When a pair of words are judged to be grammatically similar, they can be combined to create a "grammatical class", containing both the words, and behaving as their "average". Similarly, a word can be compared to an existing grammatical class, to see if it belongs to that class.
Words are represented as vectors. There are at least three completely different kinds of word-vector representations being used:
-
Vector components are given by pair-MI to other words. The pair-MI was obtained by pair counting. This is mostly NOT used in this directory; this was obtained in erlier processing stages. Word pairs with high pair-MI are words that commonly occur together.
-
Vector components are given by frequency of word-disjunct pairs. The word-disjunct pair counts were obtained by MST parsing, in an earlier stage.
-
Vector components are given by grammatical-MI, summing over disjuncts. The grammatical-MI between a pair of words indicates how grammatically similar they are. The grammatical-MI is distributed roughly as a Gaussian; thus, these vectors belong to a Gaussian Orthogonal Ensemble (GOE). The dot-product of two GOE vectors is an even stronger indicator of grammatical similarity.
Although words are represented as vectors, the merge operations are highly non-linear. This is because disjuncts are composed of "half-words" (connectors), and when words are merged into a class, the connectors must be merged as well ("detailed balance"), resulting in a very non-linear transformation on the vectors.
The code in this directory implements several different comparison and merge strategies:
For comparison:
- Cosine similarity
- Grammatical-MI similarity
- Ranked-MI similarity
- GOE similarity
The first three work with word-disjunct vectors; the GOE similarity works with word-word vectors, where the vector components are given by the grammatical-MI similarity.
GOE similarity works best for merging; it measures not only the local syntactic environment for two words, but also how similar they are in relation to other (3rd party) words. It resembles a layer "one deeper", than the original vectors from which it is built. The downside is that GOE similarity is expensive to compute.
Ranked-MI works second-best for merging; it has the best properties of MI but also includes the word frequency as part of the similarity score. Otherwise, MI works great, as long as one merges high-frequency word pairs first. Cosine similarity works poorly, based on experimental results. This is no surprise: cosine distance is a Casimir invariant for Euclidean space, but probability space is not Euclidean! Its a simplex!
For merging:
- Orthogonal decomposition into parallel & perpendicular components.
- Union and overlap of basis elements.
- In-group cliques with majority voting.
- Binary optimization (integer programming).
Orthogonal decomposition, and union, overlap merging were explored
experimentally in detail; see the 'Diary Part One' and 'Part Two'.
They worked OK, but not great, and the code that implements them has
been moved to the attic
directory (its obsolete and not used any
more.) They are still explained below, as understanding these helps
with the understanding of general principles.
The current merge algo forms in-groups or 'private clubs' of closely
related words, and uses a majority voting scheme to determine which
disjuncts are admitted into the club.

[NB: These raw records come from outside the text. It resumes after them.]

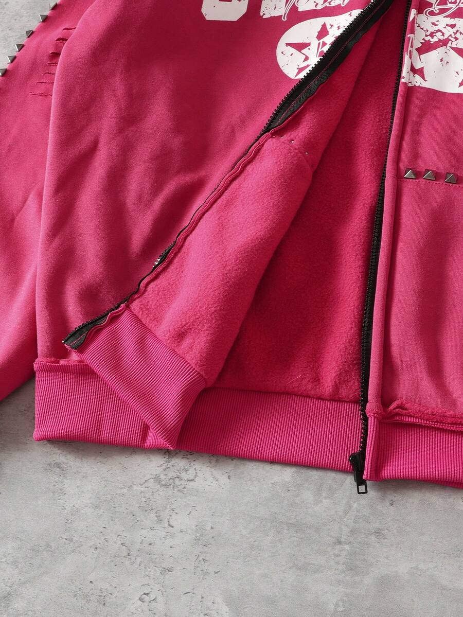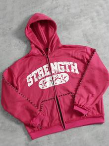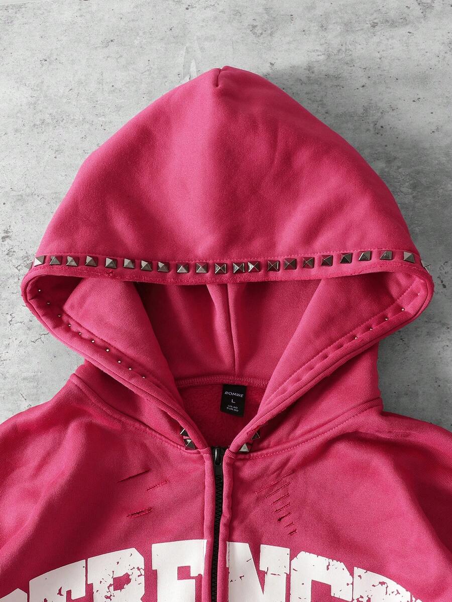 Street Life Sudadera con capucha de hombre con estampado de letras, remaches metálicos y cremallera, corte holgado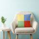 Cojín decorativo de cuadrados rojos y azules de color amarillo moderno. ¡Cuatro colores que representan los cuatro elementos de la naturaleza!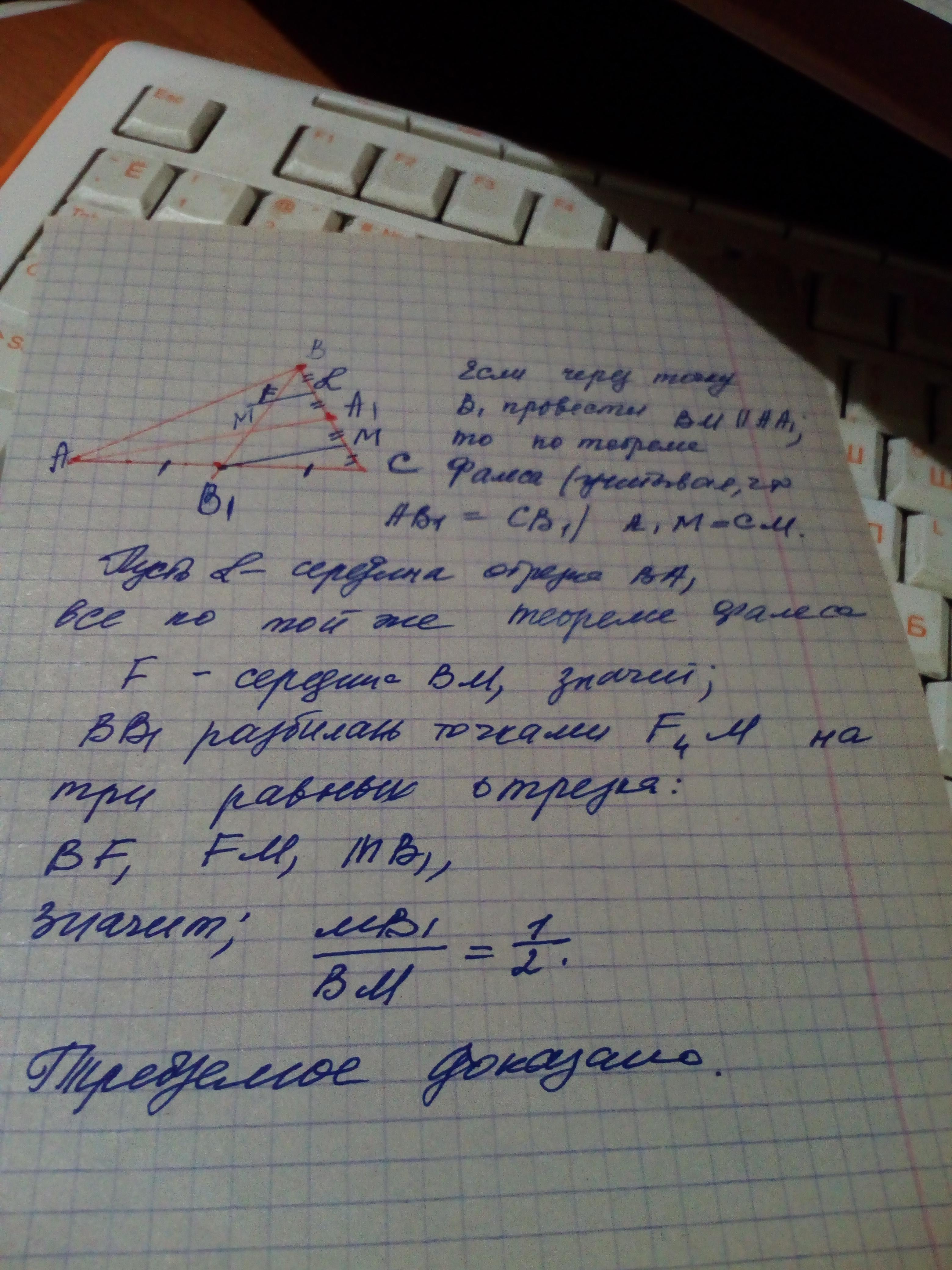 если медианы аа1 и вв1 треугольника авс пересекаются в точке м(должно получиться MA1=1/2 AM)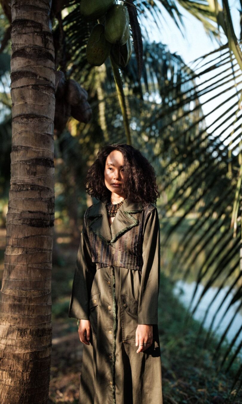 The garment is made from hand woven upcycled fabric and so the color might vary slightly for each batch.

The code for this can be found in
gram-majority.scm
. This algo seems to work well, and is being explored
experimentally.
There is a vague idea that some kind of binary optimization merge
algorithm might be "even better", especially if it is well-founded on
principles of information theory. At this time, it remains a bit of a
daydream, and maybe a mirage. See gram-optim.scm
for more.
Prior to the start of the merge, the collection of word-disjunct pairs corresponds precisely to what was observed in the training corpus. When word-classes are formed, they inevitably broaden the allowed use of words beyond what was observed in the text.
That is, when word a
and word b
are merged to form class c
, there
will be, in general, disjuncts d
and e
such that the pair (a,d)
was
observed, and (b,e)
was observed, but not (a,e)
and not (b,d)
. If
the merge result contains both (c,d)
and (c,e)
, then effectively the
grammatical usage of a
and b
has been broadened into a bigger context.
The entire goal of merging is to perform this broadening, but not too much of it. One wishes to extrapolate from the particular to the general, but not so much that one loses the ability to discriminate between important particulars. Exactly how this can be done best is the grand mystery, the grand question, quest of the code here.
As noted above, something called 'union and overlap' merging was already explored, and found wanting. An 'in-group, private club' algo seems to work quite well, and is the primary merge algo implemented here, in this directory. The generic information-theoretic foundations of merging remain opaque and unknown (but I'm trying to figure them out.)
A grammatical class is represented as
MemberLink
WordNode "wordy" ; The word itself.
WordClassNode "noun" ; The grammatical class of the word.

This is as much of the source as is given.